Sunday, December 2, 2012

Water Worries


I hold my breath as I walk across the slippery deck towards the pool.  As I remove my flip-flops and place the sterile hotel towel over a white plastic chair, I continue the pep talk I started with myself in the hotel room.  I’m doing this for the kids, I tell myself as I hover over the water and look into its murky depths.
My family and I are spending a rare weekend away in the mountains to try and power down and let off some steam.  But my idea of relaxation is definitely not a dip in a pool that quite possibly could contain bodily fluids. Or even worse, a wayward piece of skin set adrift from a waterlogged scab.
I check one last time for flotsam and jetsam.

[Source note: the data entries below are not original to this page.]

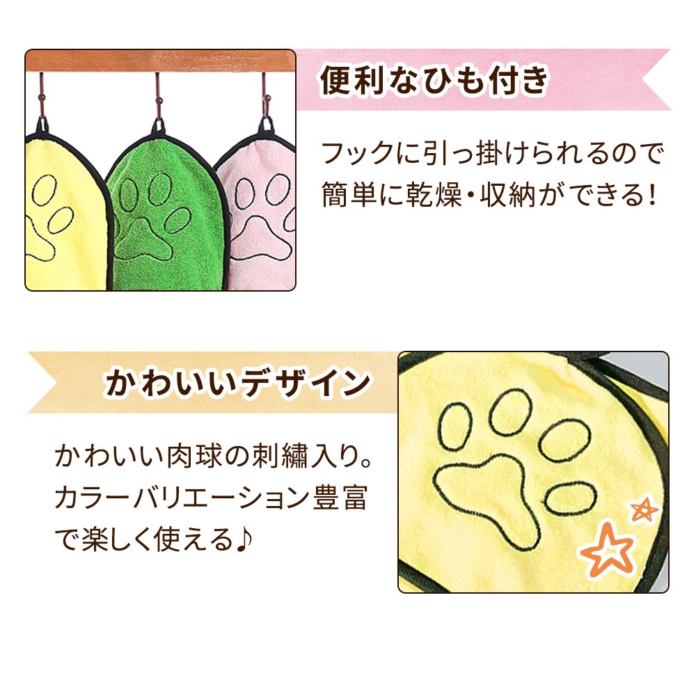 ペットタオル 2枚セット ペット タオル 犬 猫 吸水性 吸水 通気性 速乾 乾きやすい 柔らかい ポケット シャンプー ドライヤー 時短 コンパクト ひも ひも付き フック 肉球 かわいい 刺繍 ステッチ グレー グリーン スカイブルー ブルー パープル ピンク イエロー TN-PTWL
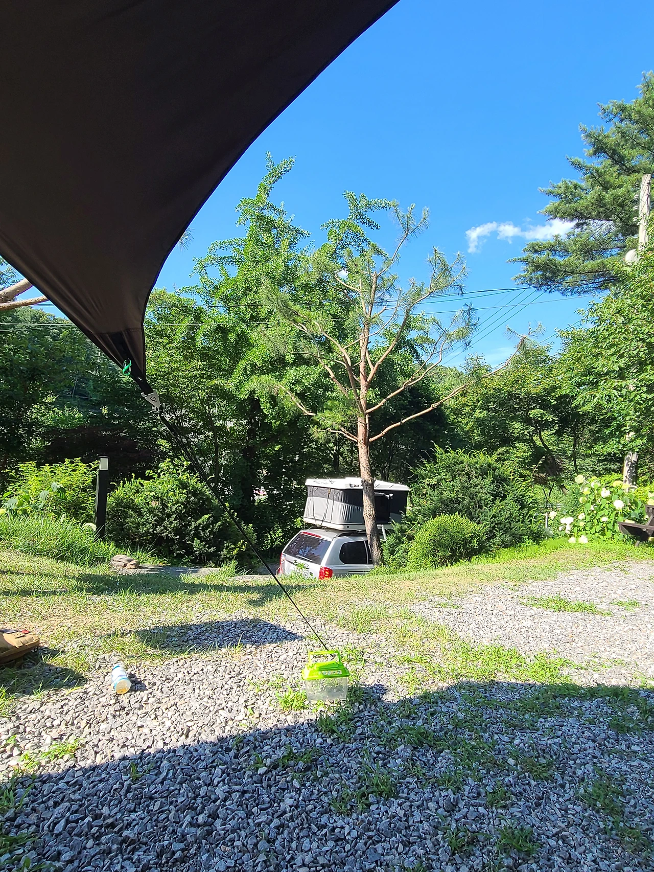 우리가 예약한 두 가족 사이트는 블랙 타프가 아무 소용없는 직사광선이 사방으로 내리꽂는 그런 사이트였다.
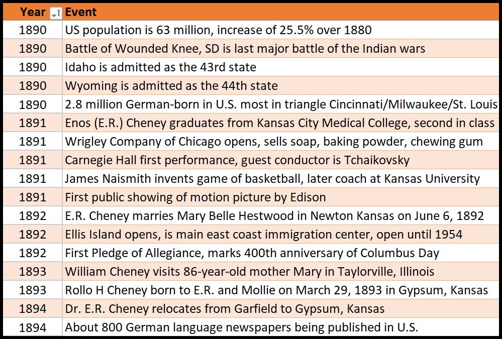 The 1890s are full of Cheney news and family events. Family visits. Crop reports. W.T. Cheney is active in local politics and Sunday School. Ralph and Mollie Cheney moved to Gypsum and are having kids.
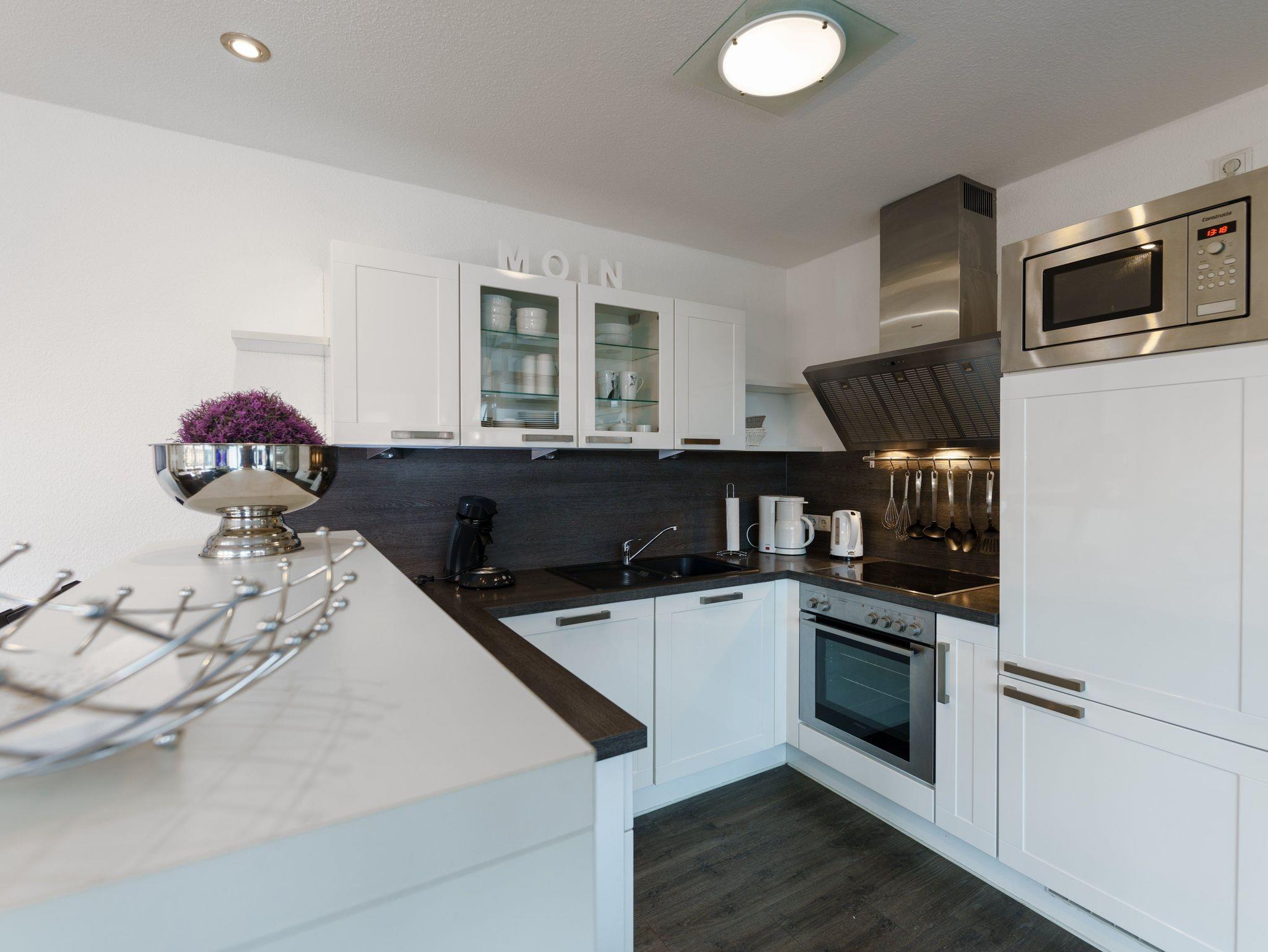 Ein gr. heller Wohnraum, Essplatz für bis zu 8 Pers. Küche mit Geschirrsp. und Mikrow., Backofen, Kühlsch., Gefrierf. sowie Kaffem. + Senseo. Die Küche hat einen Tresen, so dass Sie die Möglichkeit haben Snacks, Kleinigkeiten, Kaffee oder ein Glas Wein in direkter Kommunikation mit evtl. Essensvorbereitern an der Bar zu genießen.
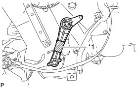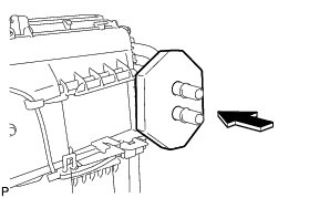 (i) Install the guide hole of the No. 1 air conditioning radiator damper servo sub-assembly to the guide pin of the air conditioning radiator assembly as shown in the illustration.

Seeing none, I ease myself in.  My kids are at the other end thinking up the fastest way to go down the large waterslide that is the main draw for so many youngsters.  When they see me, I am regaled with tips and stories of their various trips.  I look up and survey the waterslide they are so excited about.  It’s a typical slide, which curves nonstop from beginning to end like a giant piece of corkscrew pasta.
I settle in and begin to enjoy myself.  I am content to watch, but my kids haven’t forgotten my promise to go swimming with them.  My idea of “swimming” is to float around lazily like a big manatee.  But they have other plans in mind.
I don’t know where I went wrong, but somewhere between being a kid and having kids, swimming in public pools lost its appeal.  But my promise to explore life outside of my area of comfort is forefront in my mind.  Especially when the opportunity to do so is staring me right in the face.
So, when they ask me to climb the stairs and take a ride down the giant pasta, I reluctantly agree.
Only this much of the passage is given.